Если бы в машине был еще один танкист, кроме меня и водителя, он непременно нажал бы кнопку «стоп» и тем обрек мою расставшуюся с телом душу на великие хлопоты: даже ей, бестелесной, наверно, не так-то просто было бы выбраться из-под самоходно-артиллерийской установки, по самое днище увязнувшей в болоте. А именно это и произошло с ней, не с душой, а с самоходной установкой, минутой позже, когда, не ведавший, на мое счастье, про кнопку топограф, очнувшись от растерянности, криком и топотом подал водителю, и не предполагавшему, что едет по своему командиру, сигнал остановиться. Машина протащилась еще немного, прежде чем прекратила движение и тут же всей тяжестью застряла в болоте. Лишь тягач несколько часов спустя выволок ее.

Место было мягкое, топкое — тоже благо: металл не столько ломал меня, сколько вдавливал в трясину, да так глубоко, что извлечь из болота вместе со мною мои сапоги уже не удалось. Я очнулся, когда меня закидывали в кузов такого редкого в тамошнем краю грузовика (и тут повезло!): приоткрыл глаза, увидел голубенькое небо, рыжую, вызолоченную низким солнцем тундру, еще более просторную с высоты, на которую меня подняли погружавшие в грузовик руки, почувствовал, как хлынул в грудь легкий студеный воздух, — ах, хорошо!
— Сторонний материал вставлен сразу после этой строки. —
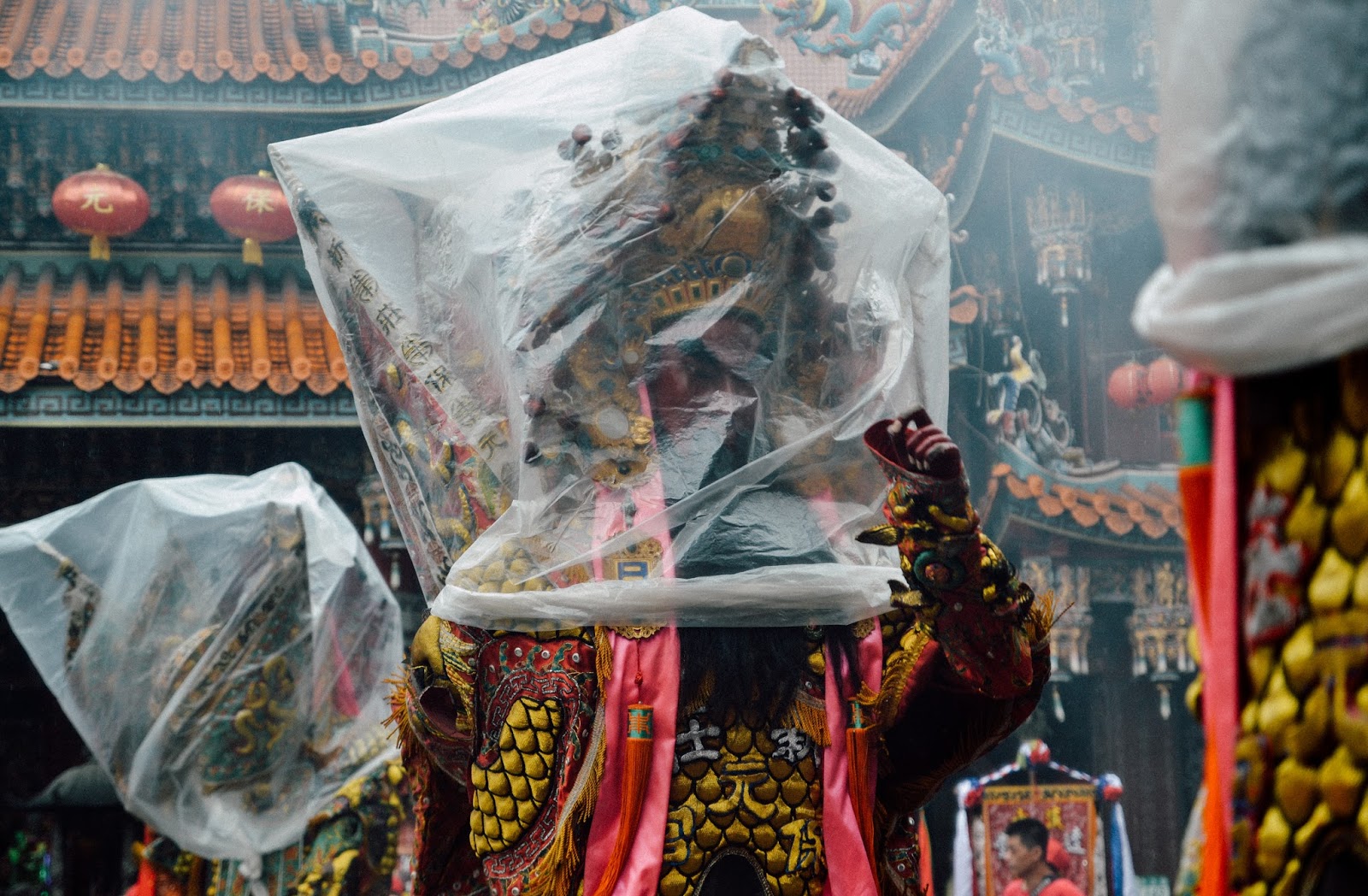 ▲首次池府王爺遶境卻遇暴雨,只好以塑膠袋權充陣頭的雨具。

Пока все происходило, я не сообразил даже испугаться. Испугался уже в госпитале, ночью: вдруг, точно в замедленном кино, увидел, как неторопливо прет на меня машина, а я, будто дерево, врос в землю и двинуться с места не могу, самоходка — эти поставленные на гусеницы тонны стали — совсем близко, вот уже коснулась меня выступающим вперед швом, где под углом сварены лобовой и донный листы брони, — и тут такой страх на меня напал, что я покрылся холодным пóтом и застонал, не в силах удержаться. Подошла сестра — меня положили в коридоре рядом с ее столиком — уколола мне морфий, и я снова провалился в сон...
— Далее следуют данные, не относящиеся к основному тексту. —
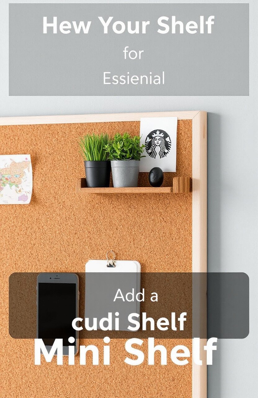 Attach a small shelf to your cork board for extra storage. This is perfect for holding small plants or office supplies.
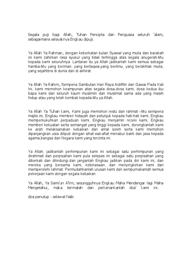 Doa Majlis Sambutan Hari Raya - Majlis dimulakan dengan ucapan aluan oleh pegawai memerintah, kdr jaffry bin ibrahim tldm dan diteruskan dengan upacara memotong kek hari lahir bagi warga kapal.. Simak √ doa pagi hari pendek, √ doa pagi hari sesuai sunnah rasulullah arab, latin dan artinya untuk mengawali pagi agar berkah. Savesave doa majlis sambutan hari raya for later. 0 ratings0% found this document useful (0 votes). Seminar kebangsaan integriti pencegah rasuah. Menurut pendapat beberapa orang pakar.

Страх в ту первую его минуту и после, когда я вспоминал это происшествие, был простейший, не замешанный на раздумье — страх червя, поднявшего глаза и вдруг увидевшего над собой подкованную сталью подошву военного сапога. В молодости слишком мало позади, о чем жалеть, и слишком много впереди, чтобы сознавать, что ты ждешь.
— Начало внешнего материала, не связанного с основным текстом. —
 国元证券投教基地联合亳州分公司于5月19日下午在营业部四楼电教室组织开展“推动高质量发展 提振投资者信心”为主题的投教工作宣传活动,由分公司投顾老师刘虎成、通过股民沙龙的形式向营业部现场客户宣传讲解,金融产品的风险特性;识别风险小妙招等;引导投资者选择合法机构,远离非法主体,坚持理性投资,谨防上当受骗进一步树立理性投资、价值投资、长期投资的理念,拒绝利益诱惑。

Издавна сказано, что первый шаг дитяти — шаг к смерти. Какими бы путями ни вела нас жизнь, направление остается неизменным. Смерть все глубже затягивает нас в свое неведомое, как змея проталкивает в себя заглоченную добычу. Мысль о неизбежности смерти рождается с нами вместе и не оставляет нас до конца. Мы подчас умеем ее прогнать, сами от нее удираем, заглушаем в себе то, что именуется памятью смертной, но память эта продолжает жить в нас, всякий миг готовая очнуться. И вместе с памятью смертной, так же с первого шага дитяти, поселяется в нас мысль о бессмертии. От первого крика протеста, от нежелания быть выброшенным в мир отдельной и уже потому неизбежно конечной жизни, до последнего выдоха все то же недоумение: как такое может быть, чтобы меня не было? Дряхлый старик, в ожидании скорого неизбежного часа обозревающий слезящимися глазами памяти уроки бесчисленных расставаний, точно так же, как малый ребенок, только начинающий укладывать в воображении предлагаемые и предполагаемые картины жизни, каждый с вариациями, обусловленными возрастом, способен мысленно создать спектакль собственных похорон, в котором он одновременно и режиссер, и главный участник, и зритель. «Нет, весь я не умру?..» — мы проходим путь жизни, вновь и вновь возвращаясь к решению этой задачи, находим ответ и снова теряем, отчаиваемся и утешаемся, удовлетворенно подводим итог или яростно бросаем в корзину сломанные перья.